Nacional y Peñarol se odian, pero van de la mano. El año pasado el aurinegro alcanzó la final de la Copa Santander Libertadores y para este el tricolor no quiso ser menos. Se armó como para avanzar hasta la definición, pero tropezó en la primera fase. El cimbronazo sacudió la tesorería del club y en las últimas semanas el presidente Ricardo Alarcón y otros dirigentes desenfundaron sus chequeras para evitar el caos. La clasificación a octavos de final de la Libertadores le hubiera reportado unos US$ 700.000, con lo que podrían haber tapado el hueco de US$ 600.000 que debieron solventar los directivos.
Pero además, el club no cobró en tiempo y forma US$ 690.000 de ANTEL por el patrocinio en la camiseta, US$ 600.000 por los derechos de formación de Nicolás López que el empresario Pablo Bentancur prometió abonar el 31 de enero, más 900.000 euros por el pase de Gustavo Munúa a Deportivo La Coruña y US$ 100.000 por un convenio con los organizadores del recital de Paul McCartney que “se hacen los osos y no nos quieren pagar” expresó un dirigente a El Observador.
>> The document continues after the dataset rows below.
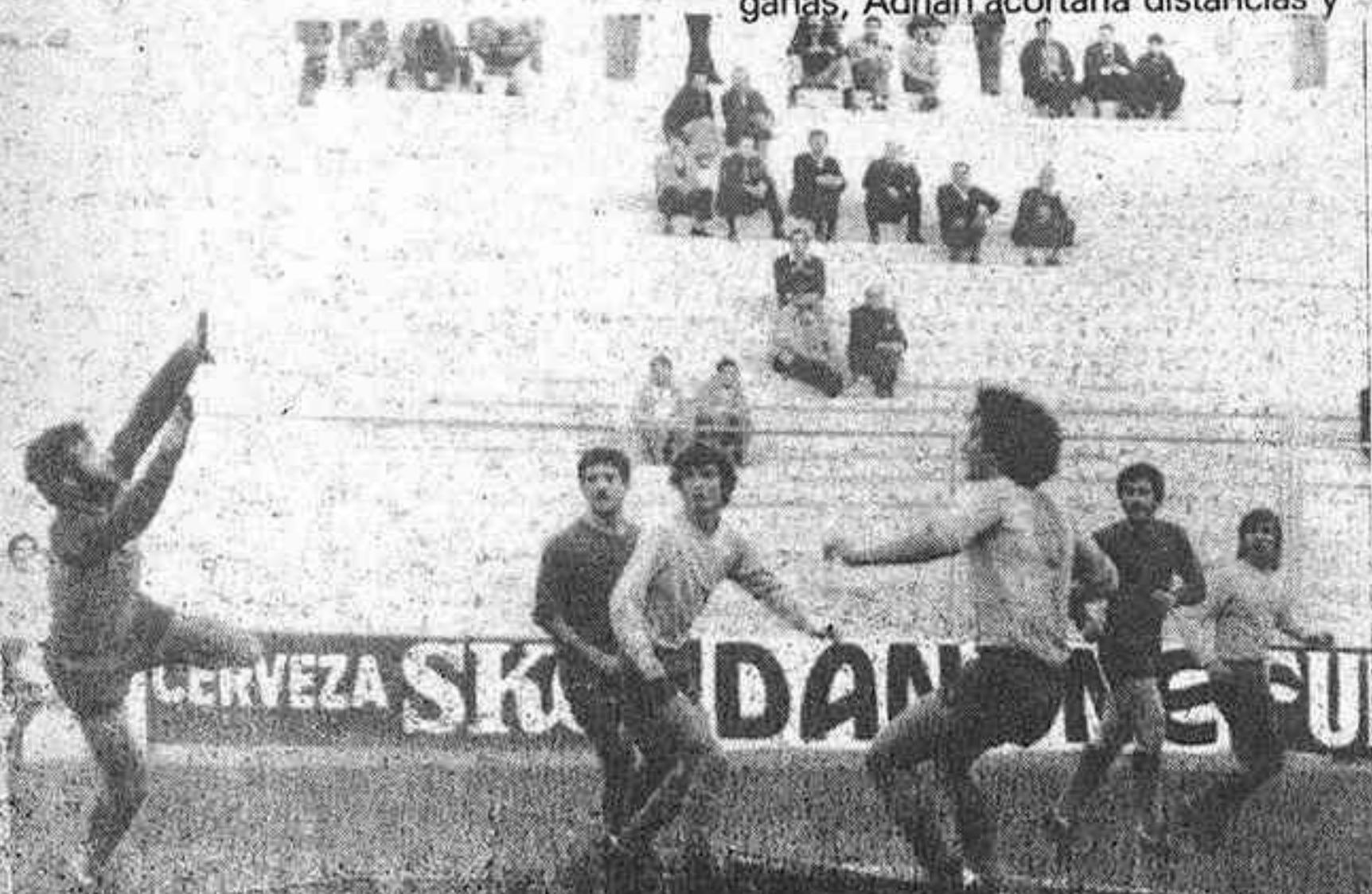
La delantera oriolana solo reaccionó al final.
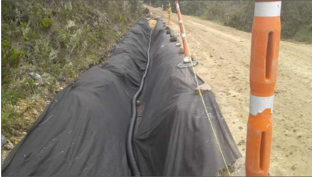
Instalación de geotextil y tubería de drenaje.
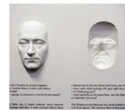
La maschera che ti segue
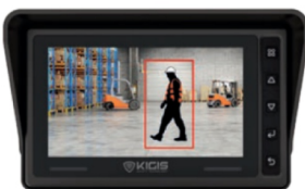
Box vermelho em torno de pedestre
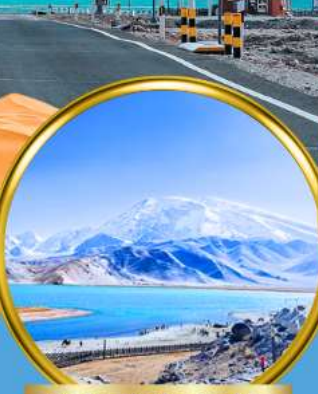
Kala Kule Lake
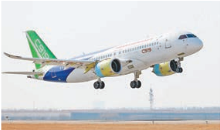
■中國商用飛機有限責任公司6日稱，將於2021年交付首架國產大型客機C919單通道客機。圖為去年12月17日，第二架國產大型客機C919在上海浦東國際機場起飛。
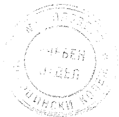
ГРАФИК за извънредна поправителна изпитна сесия на специалност “Инспектор по общественото здраве” За III курс на учебната 2018/2019 година През м. февруари 2019 година
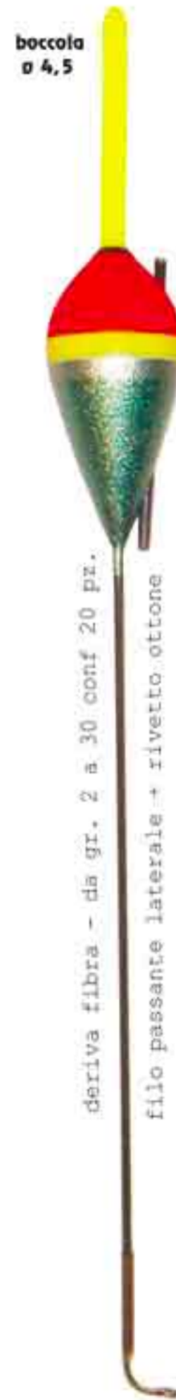
Marte Art. 556
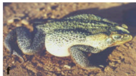
Lámina 1a. Unken reflex, Melanophryniscus atroluteus del sur de Misiones. b. Unken reflex, Melanophryniscus devincenzii del sur de Misiones. c. Vista dorsal de Melanophryniscus aff tumifrons del sur de Misiones. d. Unken reflex, Melanophryniscus cupreuscapularis de Pericón, Corrientes. (Fotos Diego Baldo). e. Bufo paracnemis (Foto Ernesto Krauczuk). f. Bufo ictericus (Foto Diego Baldo).

Paraguay (Lavilla y Ceí, 2001). Fue reportado para el norte y noroeste de Corrientes, este de Chaco y Formosa y norte de Santa Fe (Céspedes, 1999).

A todo esto, la incertidumbre que generan las declaraciones de los directivos de Atlético Paranaense que no quieren seguir pagando la transferencia de Santiago García y una importante morosidad en el padrón social, también hacen “tambalear las estructuras”, de acuerdo a las fuentes del club.
De todas formas, “la situación económica es buena, es mala financieramente” aclaró el secretario de la institución Claudio Puig, quien expresó que en junio Ajax de Holanda tiene que pagar una cuota por el pase de Nicolás Lodeiro (500.000 euros) y Liverpool inglés una por el de Sebastián Coates.
Presupuesto inflado
El presupuesto mensual de Nacional (US$ 700.000) se infló US$ 150.000 este año con la contratación de los futbolistas Andrés Scotti, Israel Damonte y Vicente Sánchez, quienes llegaron a principio de 2012, a los que deben sumarse Diego Placente, Alexander Medina y Joaquín Boghossian, entre otros, contratados a mitad de 2011 cuando asumió como entrenador Marcelo Gallardo.
La idea de la institución era por lo menos igualar la campaña de 2009 en la Libertadores, cuando quedó eliminado en semifinales. Ese antecedente, más el de Peñarol el año pasado, hicieron que el club apostara económicamente a formar un buen plantel.
Pero el equipo sucumbió en la cancha y no se clasificó en el grupo que además integraron Vasco da Gama de Brasil, Libertad de Paraguay y Alianza Lima de Perú. Esto cortó el flujo de dinero por lo que paga la Confederación, la televisión, la estática y la venta de entradas. Los directivos creen que en los próximos días van a regularizar la situación. Para esta semana está previsto el pago del 50% de los sueldos de marzo de los jugadores, un contexto que se puede complicar y que ya tiene antecedentes en el club. En 2007, 2009 y 2010, siempre bajo la presidencia de Alarcón, los futbolistas tomaron medidas ante el atraso en los pagos.
Viene de antes
A mediados de 2011 el juvenil Nicolás López y su familia se fueron a Italia sin el consentimiento de Nacional. Los llevó el empresario Pablo Bentancur, quien fue denunciado por Alarcón, pero que luego levantó la denuncia y terminaron acordando el pago a Nacional de US$ 1.000.000 por los derechos de formación. El futbolista firmó contrato en la Roma. Dirigentes de Nacional indicaron que Bentancur no cumplió con la fecha estipulada y es una de las razones para el atraso en el presupuesto.
Las negociaciones con Bentancur no son fáciles para Nacional. Ahora, están en conversaciones por las transferencias de Facundo Píriz y Gonzalo Bueno. “Bueno está verde para venderlo ahora, sería un error” dijo Puig a El Observador. Lo cierto es que si no llegan a un acuerdo en el precio, puede pasar lo mismo que con López, es decir, que se vayan solo por el dinero de la rescisión de contrato.
El culebrón de Munúa data desde mediados de 2003, cuando fue transferido a Deportivo La Coruña. En noviembre de 2011 la FIFA intimó al club español a pagar una deuda de 900.000 euros, pero aún no lo hizo.
La transferencia del golero se efectuó durante la presidencia de Eduardo Ache, quien puede volver a presidir la institución después dos períodos (está evaluando presentarse en las elecciones de diciembre de este año) y encontrarse con este tema aún pendiente.
A fin del año pasado, la Asamblea General Ordinaria de Nacional votó con aplausos el balance presentado por la comisión directiva, ya que el ejercicio dio una utilidad de US$ 4:826.450. Globalmente el club está bien, saneado, sin embargo a principio de año pensó más en la gloria que en el bolsillo y ahora lo sufre.